Gate	Checks	Expected	Actual
G0_manifest	tree pin + `shasum -a 256 -c HASH_MANIFEST.txt`	0	0
G1_harness	`python3 harness/tkt_base_harness.py`	0	0
G2_required_files	28 required pack files present	0	0
G3_overclaim_guard	policy + limitations name the 3 forbidden tokens	0	0

exit_codes.json sha256=21e03bcbf53f9044312e0c769cd63e32861c7583a00f99df56633b382111f581 — byte-stable across reruns (verified before==after).

3. L0/L1 — file pass + reconstruction

L0: shasum -a 256 -c HASH_MANIFEST.txt → ALL OK (28/28); tree pin MATCH (packet_tree.sha256 = 6a6137d1… == sha256(HASH_MANIFEST.txt)).
L1: bash RERUN.sh → RERUN_RESULT: PASS (exit 0). Reconstructs into a fresh mktemp -d, reverifies manifest + tree + gates + harness independent of the working dir.

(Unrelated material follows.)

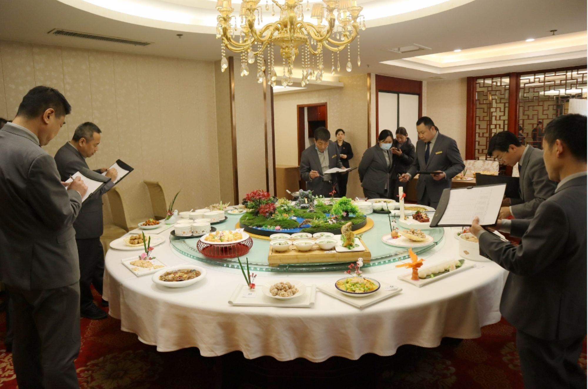 復評考核結束后,臨沂賓館召開(kāi)了現場(chǎng)會(huì )。會(huì )議要求,要重點(diǎn)對綜合技藝較弱的大廚進(jìn)行跟進(jìn)指導,以提高廚師團隊競爭力、提升菜品質(zhì)量;要加強廚師隊伍的培養與考核,指定專(zhuān)人進(jìn)行原料知識、烹調技法等基本功的培訓。同時(shí)要求各廚房對原有菜品進(jìn)行升級,在保證傳統魯菜品質(zhì)的基礎上,根據市場(chǎng)形勢和消費者需求,適時(shí)研究開(kāi)發(fā)新菜品,滿(mǎn)足廣大消費者多樣化的用餐需求。(文/王慧 圖/張家銘)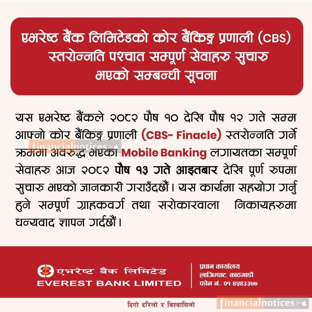 एभरेष्ट बैंकको सम्पुर्ण सेवाहरु सूचारु भएको सम्बन्धी सूचना

4. Fresh reconstruction from KB

Recorded in the checkpoint and current-state after publication: the pack is fetched back from KB into a clean /tmp dir and shasum -a 256 -c HASH_MANIFEST.txt + bash commands.sh are re-run. (See checkpoint §"Fresh KB reconstruct".)

5. Scope reality checks

No FIX7/T1 surface touched · no v0.2 destructive mutation · no production action · no Codex call · no owner ask · no canonical registry/index fold · no NVSZ root designated · no semantic PASS emitted.
The harness writes only exit codes + local logs; emits no seal, writes no registry/PG/Directus row.

6. Verdict

Workstream C complete: the base validation harness exists, runs, and fails closed 10/10 with 0 fail-open; the pack self-verifies L0/L1/L2; the overclaim guard is executable (P10). TKT_BASE_RESULT: level_reached = L3 for the pack itself.